Task goal => Retype, word for word, every line of the records below starting at the one that contains "Camicia taglia 42, composizione" and ending at the one that contains "- In frying"; include both of those lines and nothing more.

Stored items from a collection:

--- START ---

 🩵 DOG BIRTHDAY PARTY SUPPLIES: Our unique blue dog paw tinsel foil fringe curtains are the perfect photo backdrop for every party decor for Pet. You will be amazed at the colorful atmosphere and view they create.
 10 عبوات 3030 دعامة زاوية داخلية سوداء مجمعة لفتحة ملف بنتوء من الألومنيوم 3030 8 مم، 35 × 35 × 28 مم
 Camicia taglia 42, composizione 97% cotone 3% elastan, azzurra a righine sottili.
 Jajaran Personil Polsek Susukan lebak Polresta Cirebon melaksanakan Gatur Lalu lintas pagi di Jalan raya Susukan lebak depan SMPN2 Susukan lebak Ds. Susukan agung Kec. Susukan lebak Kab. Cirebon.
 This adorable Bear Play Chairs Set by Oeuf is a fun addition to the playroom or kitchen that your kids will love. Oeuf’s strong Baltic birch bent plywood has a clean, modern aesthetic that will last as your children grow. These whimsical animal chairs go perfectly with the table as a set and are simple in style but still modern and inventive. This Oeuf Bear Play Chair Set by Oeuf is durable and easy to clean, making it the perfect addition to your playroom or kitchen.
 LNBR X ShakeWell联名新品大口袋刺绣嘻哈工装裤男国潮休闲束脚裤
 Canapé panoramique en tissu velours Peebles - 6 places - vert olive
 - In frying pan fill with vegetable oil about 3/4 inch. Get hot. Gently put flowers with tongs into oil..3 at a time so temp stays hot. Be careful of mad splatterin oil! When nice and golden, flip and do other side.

--- END ---
--- START ---

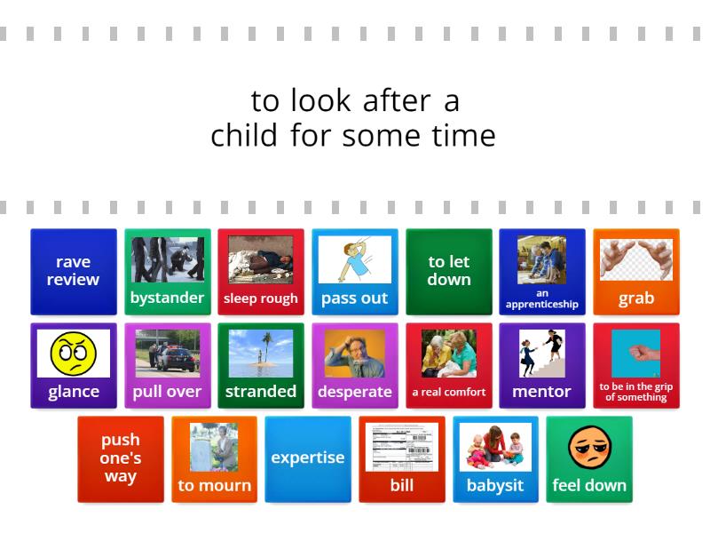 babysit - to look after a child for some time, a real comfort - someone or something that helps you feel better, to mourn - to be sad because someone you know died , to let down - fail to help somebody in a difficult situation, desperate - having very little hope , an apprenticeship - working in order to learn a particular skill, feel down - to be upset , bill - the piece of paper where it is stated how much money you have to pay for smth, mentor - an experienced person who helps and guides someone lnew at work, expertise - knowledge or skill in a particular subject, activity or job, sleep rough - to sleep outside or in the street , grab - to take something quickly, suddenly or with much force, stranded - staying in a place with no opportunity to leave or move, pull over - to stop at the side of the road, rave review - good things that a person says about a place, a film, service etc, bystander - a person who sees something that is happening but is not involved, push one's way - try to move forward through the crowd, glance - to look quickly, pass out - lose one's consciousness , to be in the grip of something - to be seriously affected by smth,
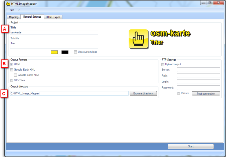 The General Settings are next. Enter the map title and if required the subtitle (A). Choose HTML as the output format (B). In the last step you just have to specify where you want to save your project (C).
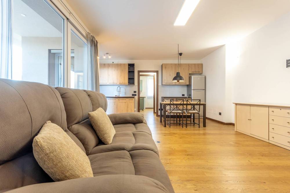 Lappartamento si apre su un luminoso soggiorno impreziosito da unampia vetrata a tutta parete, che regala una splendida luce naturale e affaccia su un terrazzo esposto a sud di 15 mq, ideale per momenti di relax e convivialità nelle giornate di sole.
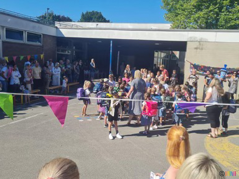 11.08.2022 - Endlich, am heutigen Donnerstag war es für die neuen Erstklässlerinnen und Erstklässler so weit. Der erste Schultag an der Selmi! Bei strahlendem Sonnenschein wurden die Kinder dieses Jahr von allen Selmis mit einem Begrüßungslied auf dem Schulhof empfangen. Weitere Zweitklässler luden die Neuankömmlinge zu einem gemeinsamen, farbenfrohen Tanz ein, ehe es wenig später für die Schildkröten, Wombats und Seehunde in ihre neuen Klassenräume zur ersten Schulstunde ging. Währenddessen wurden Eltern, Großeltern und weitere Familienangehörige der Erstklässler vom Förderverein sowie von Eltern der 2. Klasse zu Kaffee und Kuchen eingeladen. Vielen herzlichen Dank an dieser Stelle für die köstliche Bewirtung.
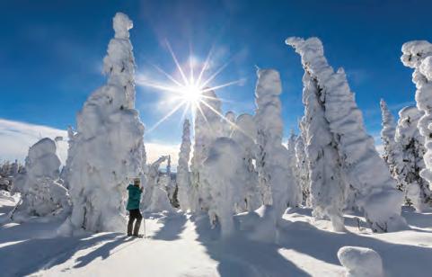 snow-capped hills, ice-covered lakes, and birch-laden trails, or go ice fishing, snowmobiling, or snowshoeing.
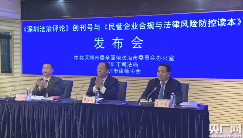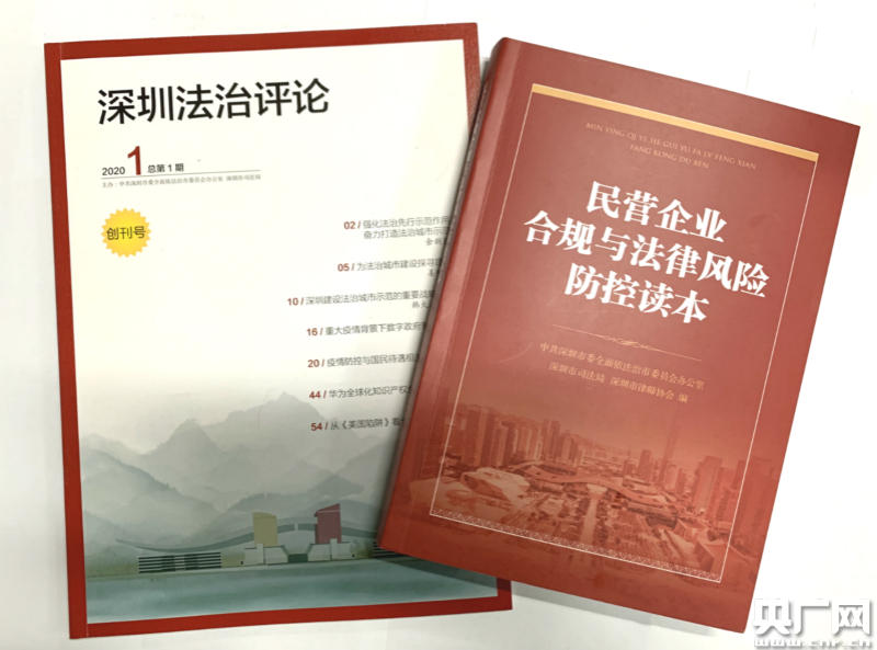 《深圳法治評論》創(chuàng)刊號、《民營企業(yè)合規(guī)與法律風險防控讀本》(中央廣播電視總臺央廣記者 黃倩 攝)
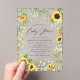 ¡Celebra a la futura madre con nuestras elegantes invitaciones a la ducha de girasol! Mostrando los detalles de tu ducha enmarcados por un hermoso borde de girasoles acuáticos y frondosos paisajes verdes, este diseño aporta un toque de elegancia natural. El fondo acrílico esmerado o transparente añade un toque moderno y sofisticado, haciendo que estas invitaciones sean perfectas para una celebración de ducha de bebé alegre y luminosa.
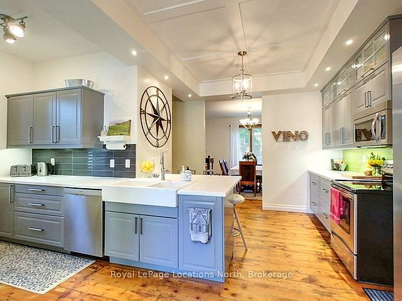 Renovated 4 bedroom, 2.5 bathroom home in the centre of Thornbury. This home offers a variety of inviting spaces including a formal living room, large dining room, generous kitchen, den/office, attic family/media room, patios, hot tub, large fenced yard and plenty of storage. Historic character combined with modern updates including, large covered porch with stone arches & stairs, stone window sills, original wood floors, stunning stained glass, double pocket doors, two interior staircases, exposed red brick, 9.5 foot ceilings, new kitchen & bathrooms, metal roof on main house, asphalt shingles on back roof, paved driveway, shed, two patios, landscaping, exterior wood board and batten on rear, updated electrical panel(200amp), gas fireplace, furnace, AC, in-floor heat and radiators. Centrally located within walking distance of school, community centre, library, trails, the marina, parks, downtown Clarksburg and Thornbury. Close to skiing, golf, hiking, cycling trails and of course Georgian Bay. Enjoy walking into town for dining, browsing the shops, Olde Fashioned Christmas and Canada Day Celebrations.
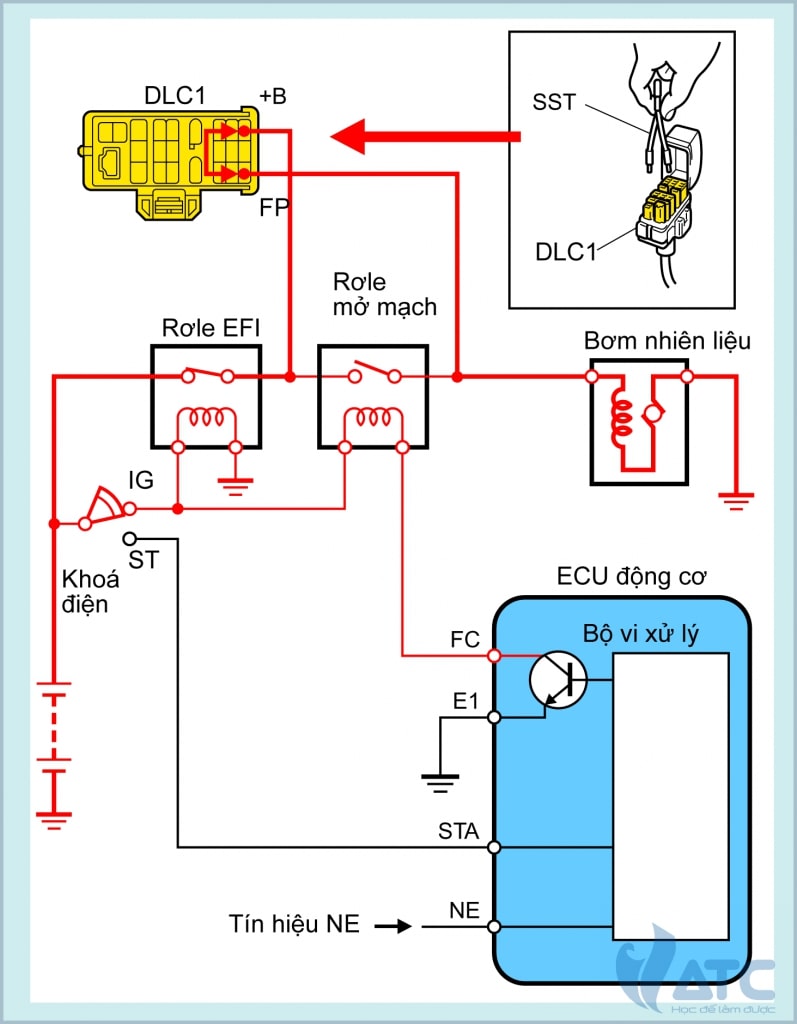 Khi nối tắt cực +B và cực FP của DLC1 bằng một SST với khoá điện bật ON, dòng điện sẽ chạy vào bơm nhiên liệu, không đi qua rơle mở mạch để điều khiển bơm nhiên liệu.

--- END ---

Response to this task =>
 Camicia taglia 42, composizione 97% cotone 3% elastan, azzurra a righine sottili.
 Jajaran Personil Polsek Susukan lebak Polresta Cirebon melaksanakan Gatur Lalu lintas pagi di Jalan raya Susukan lebak depan SMPN2 Susukan lebak Ds. Susukan agung Kec. Susukan lebak Kab. Cirebon.
 This adorable Bear Play Chairs Set by Oeuf is a fun addition to the playroom or kitchen that your kids will love. Oeuf’s strong Baltic birch bent plywood has a clean, modern aesthetic that will last as your children grow. These whimsical animal chairs go perfectly with the table as a set and are simple in style but still modern and inventive. This Oeuf Bear Play Chair Set by Oeuf is durable and easy to clean, making it the perfect addition to your playroom or kitchen.
 LNBR X ShakeWell联名新品大口袋刺绣嘻哈工装裤男国潮休闲束脚裤
 Canapé panoramique en tissu velours Peebles - 6 places - vert olive
 - In frying pan fill with vegetable oil about 3/4 inch. Get hot. Gently put flowers with tongs into oil..3 at a time so temp stays hot. Be careful of mad splatterin oil! When nice and golden, flip and do other side.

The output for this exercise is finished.